Raciste, Bardot ? Oui, elle a débordé. Elle a tenu des propos choquants, critiquant violemment des traditions de sacrifices des animaux dans certaines cultures. Avec beaucoup d’émotion, démontrant encore une fois sa sincérité dans ce documentaire où elle apparaît à l’écran toujours de dos, elle demande pardon. Et puis il y a autre chose, qui vient encore de son cœur : Joséphine Baker. Maison menacée de destruction, ses onze enfants au bord de la rue. Une seule qui bouge, une seule qui crie à l’injustice : Bardot. Insaisissable, entre maladresse et grandeur, prête à tout pour l’autre, quand sa boussole intérieure hurle. Joséphine Baker témoigne : éternelle gratitude pour cette femme qui, sous les projecteurs, n’a jamais hésité à s’exposer.
Féministe, Bardot ? Non, elle n’a jamais joué la carte militante revendiquée. Mais elle dérange, encore et toujours. Parce qu’elle fonce dedans, sans pitié pour les clichés. Elle montre son corps, elle vend sa beauté, elle pousse les préjugés moralistes à l’extrême. « Créature du diable », la cloue le Vatican. Mais qui est vraiment le diable ? La femme qui revendique son corps, sa liberté, et hurle pour les bêtes, ou bien ceux qui s’autorisent à juger, tout en massacrant éhontément la planète et la vie qu’elle porte ? Toujours excessive, jamais tiède, Bardot est incontrôlable, dérangeante, mais entière. On l’aime ou on la hait, mais elle reste là, à hurler, à bousculer, pendant que tant d’autres se taisent gentiment.

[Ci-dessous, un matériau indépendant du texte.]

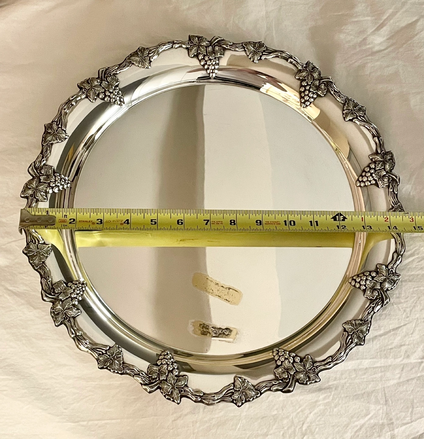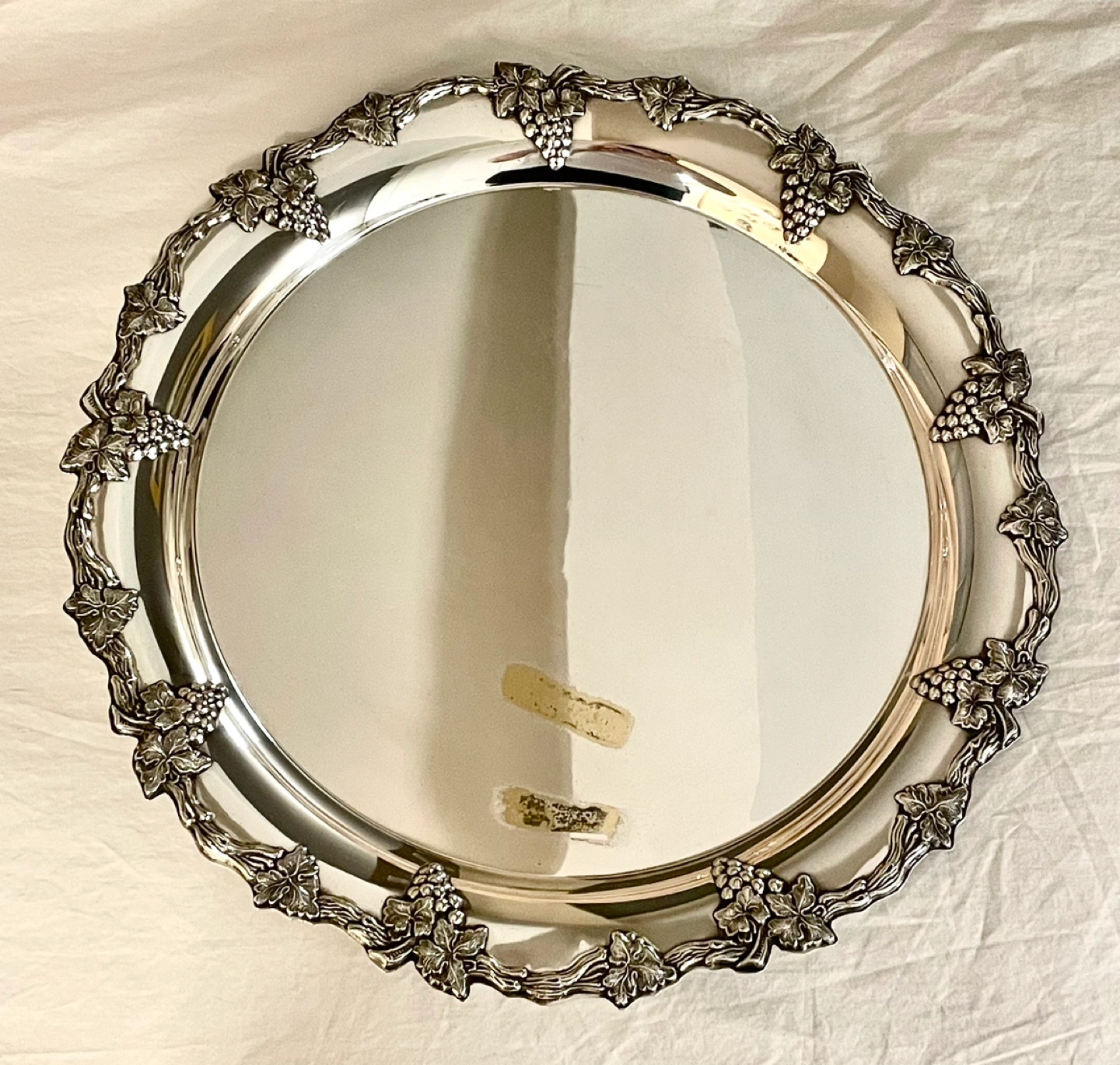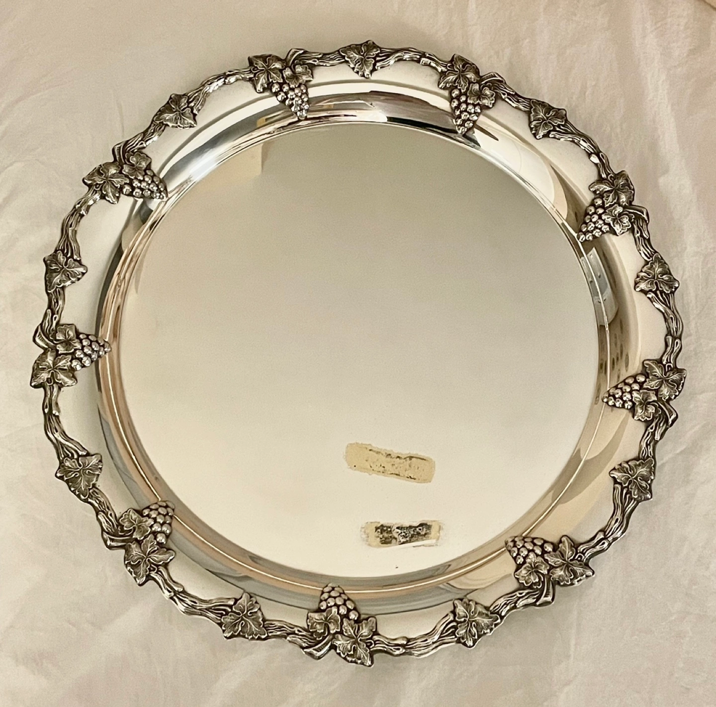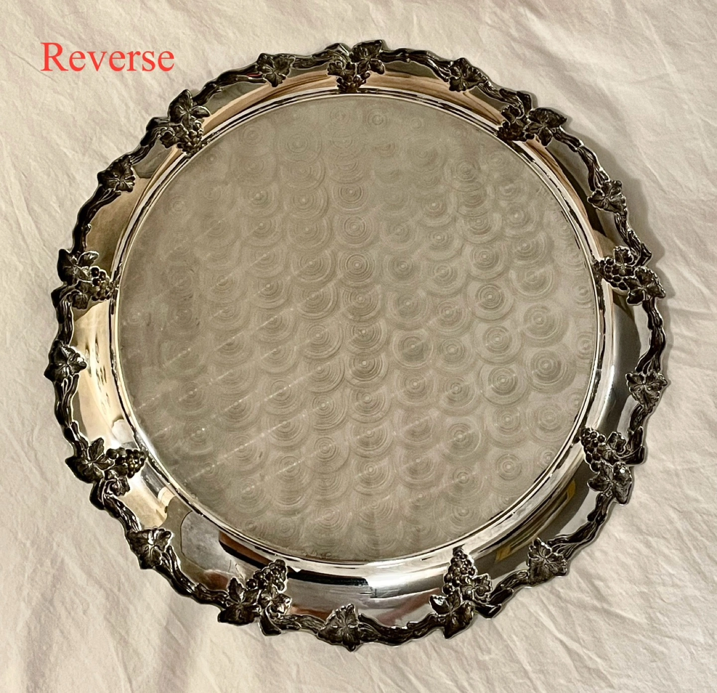 POLISHED SILVER PLATED ROUND HOLIDAY SERVING PLATTER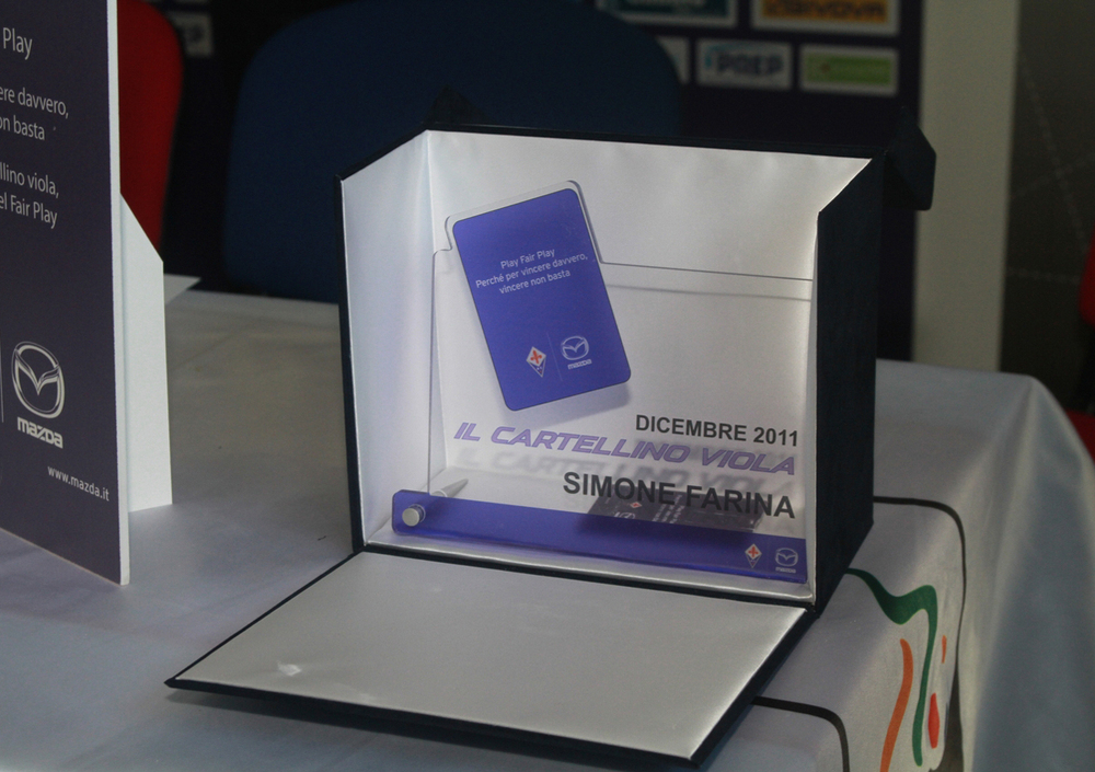 Andrea Fiaschetti, Direttore Marketing di Mazda Italia e giurato del Cartellino Viola ha cosi commentato il conferimento del riconoscimento : «Premiare Simone Farina vuol dire riconoscere importanti valori di lealtà, il suo gesto cosi “normale” ma anche significativo ci aiuta a diffondere il fair play ed è un valido esempio soprattutto per chi ama e segue il calcio. A Simone va il nostro “Cartellino Viola di Dicembre 2011” e la possibilità di concorrere al premio finale Fair Play Mazda ovvero in nostro nuovissimo CX-5 una vettura “fair” nei confronti dell’ambiente, dei consumi e nelle emissioni. Simone ha vinto senza aver giocato in campo perché ha saputo, cosi come noi di Mazda, sfidare le convenzioni e farci credere nella possibilità di un calcio diverso e soprattutto pulito.»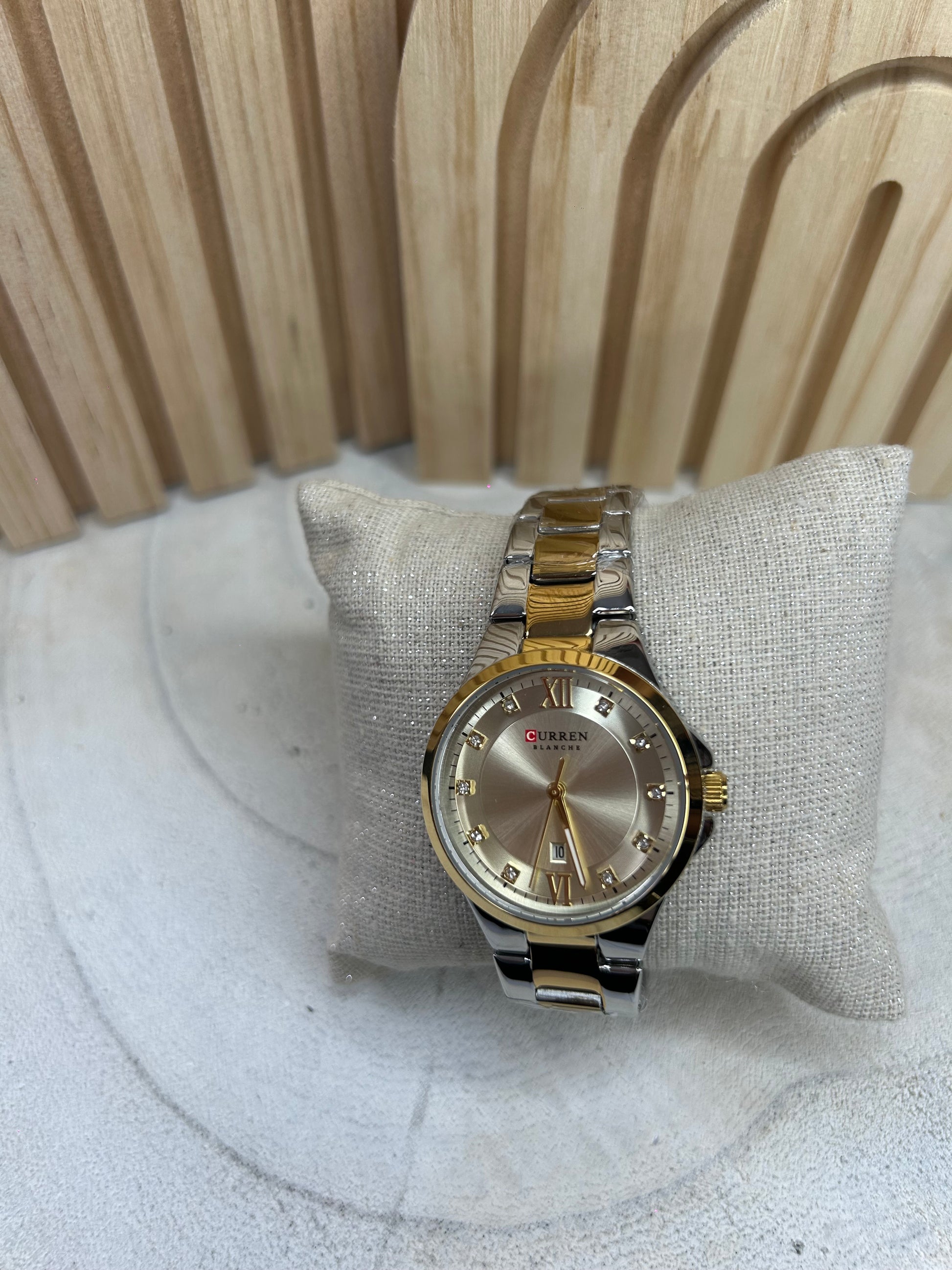 Montre Femme Bicolore – Fond Doré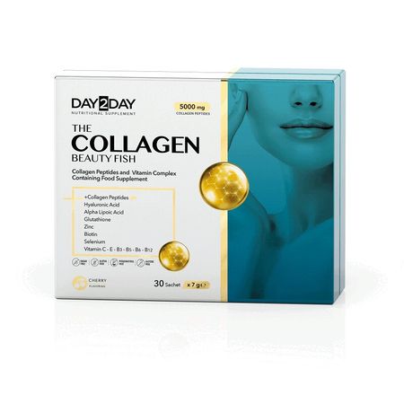 Day2Day The Collagen Beauty Fish — содержит гидролизованные пептиды коллагена I типа (рыбьего) в дозировке 5 000 мг, дополненные витаминно-минеральным комплексом. Благодаря сбалансированному составу, продукт способствует повышению упругости и плотности кожи, поддерживает здоровье и красоту кожи, волос и ногтей, а также укрепляет иммунную систему. Он также содержит L-глютатион, альфа-липоевую и гиалуроновую кислоты, эластин, селен, которые являются важными ингредиентами для красоты и состояния кожи. Полезные свойства комплекса Day2Day The Collagen Beauty Fish: • Способствует повышению упругости и плотности кожи • Способствует укреплению структуры волос и ногтей • Поддерживает здоровье суставов и связок Показания: рекомендуется в качестве биологически активной добавки к пище. Форма выпуска: порошок в саше-пакетах Продолжительность приема: 1 месяц. При необходимости прием можно повторить. Противопоказания: индивидуальная непереносимость компонентов, беременность, кормление грудью. Перед применением рекомендуется проконсультироваться с врачом. Особые указания: биологически активная добавка (БАД) к пище. Не является лекарственным средством. Условия хранения: в сухом, защищенном от попадания прямых солнечных лучей, недоступном для детей месте при температуре не выше 25 °С.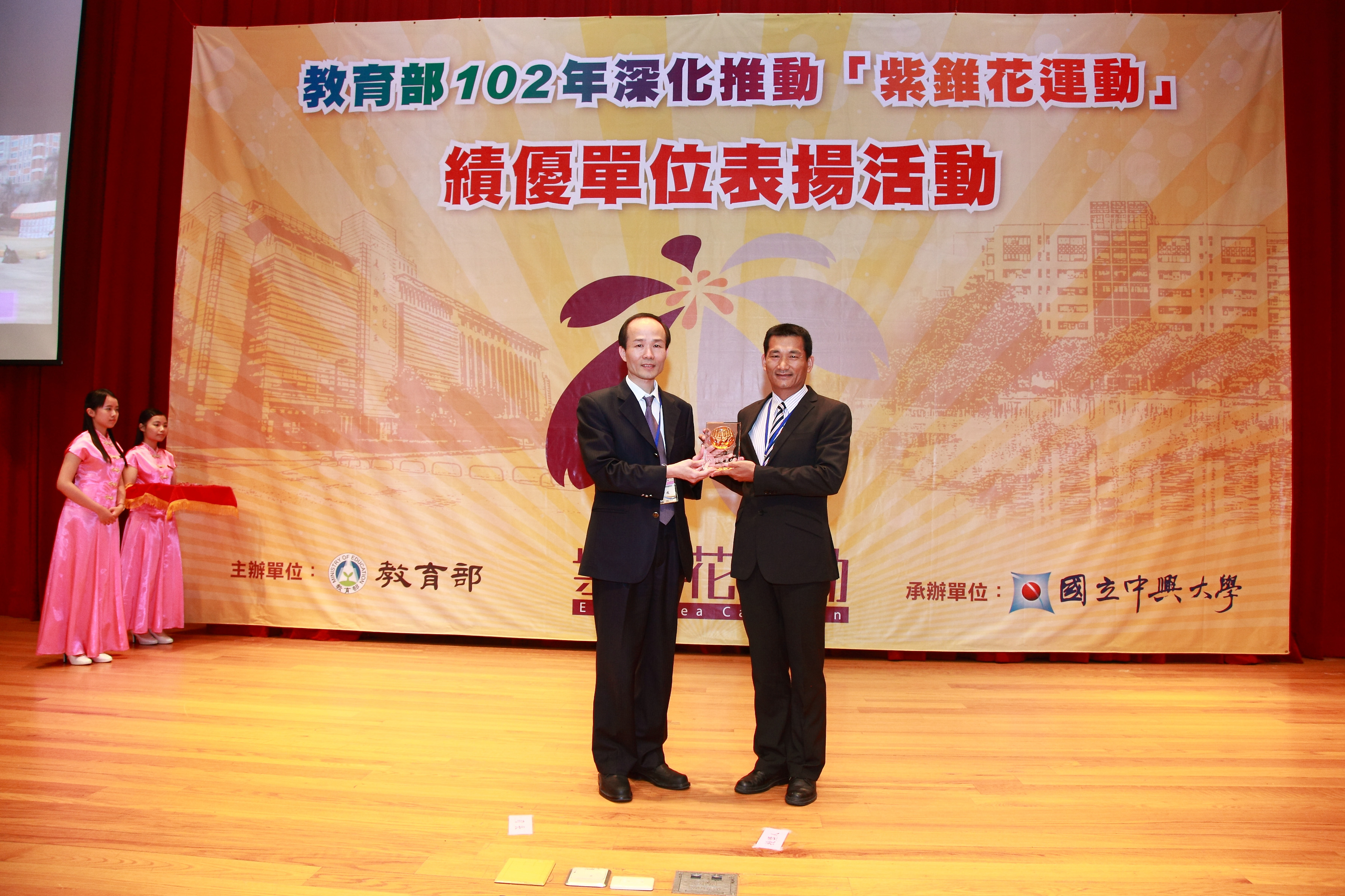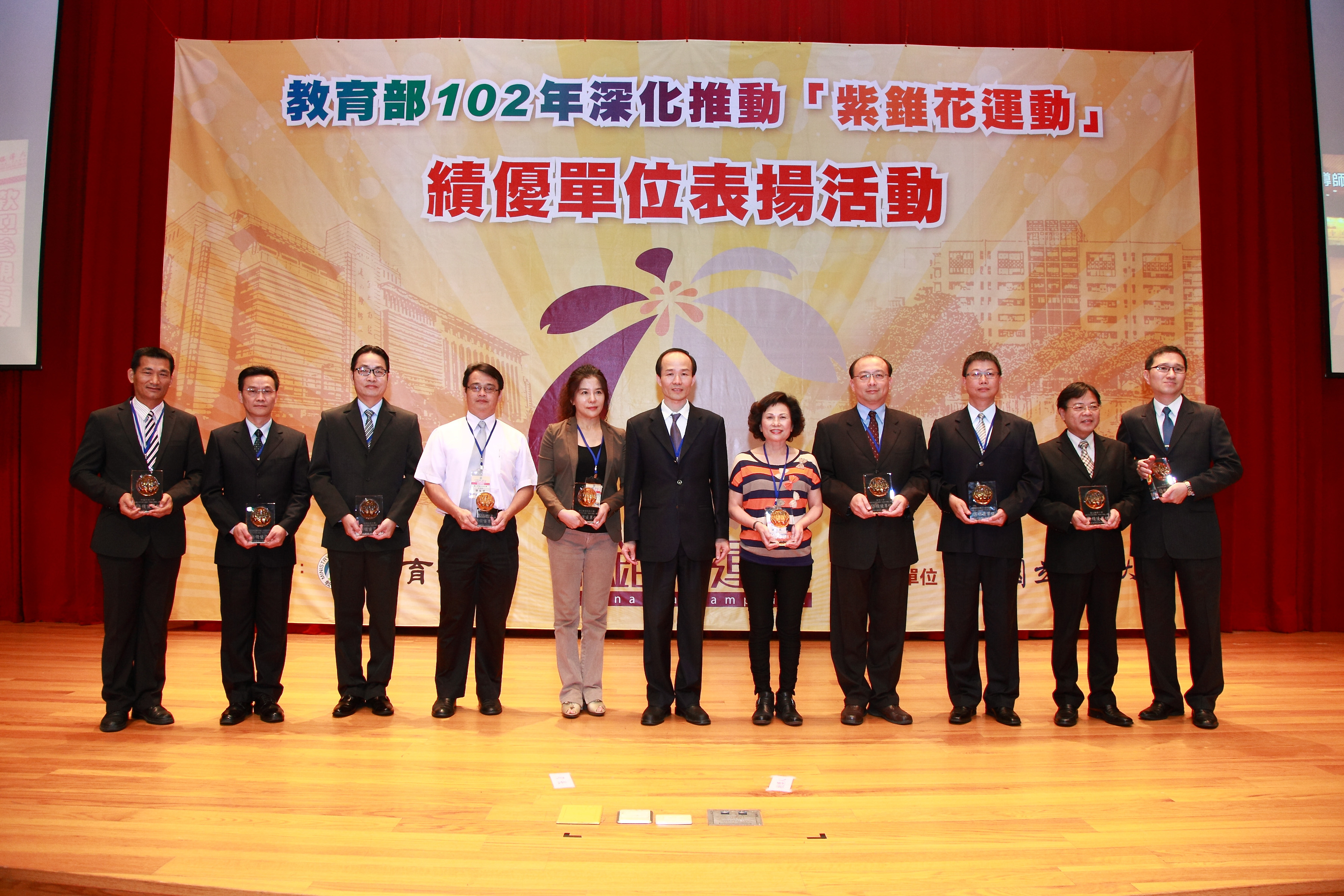 教育部為表彰各級學校積極深化推動「紫錐花運動」,於103年5月5日假國立中興大學國際會議廳辦理102年深化推動「紫錐花運動」績優單位表揚典禮,典禮由學生事務及特殊教育司劉司長仲成主持。典禮首先由中興大學熱舞社,帶來活力四射的反毒舞蹈表演,藉由反毒口號:「拒絕毒害、青春無礙,共創紫錐花校園興世代」,表達勇於拒絕毒品決心。

C’est peut-être ça, le vrai courage. Preuve en est, c’est au plus haut de son apogée en 1973 qu’elle quitte définitivement le cinéma. Sa carrière aura duré une vingtaine d’années seulement. Sa plus grande fierté ? Sa Fondation pour la protection des animaux. Une leçon d’humanité qui déjoue les codes et qui fait du bien à regarder. Ni sainte ni diablesse, juste une femme qui a fait de sa beauté une arme et de ses failles un étendard. Elle ne joue pas les modèles, elle débarrasse la table. Une star ? Non. Un rappel : vivre libre, ça se paye.
Bardot, un film réalisé par Alain Berliner et Elora Thevenet. En salle le 3 décembre
Visuel : Affiche du film.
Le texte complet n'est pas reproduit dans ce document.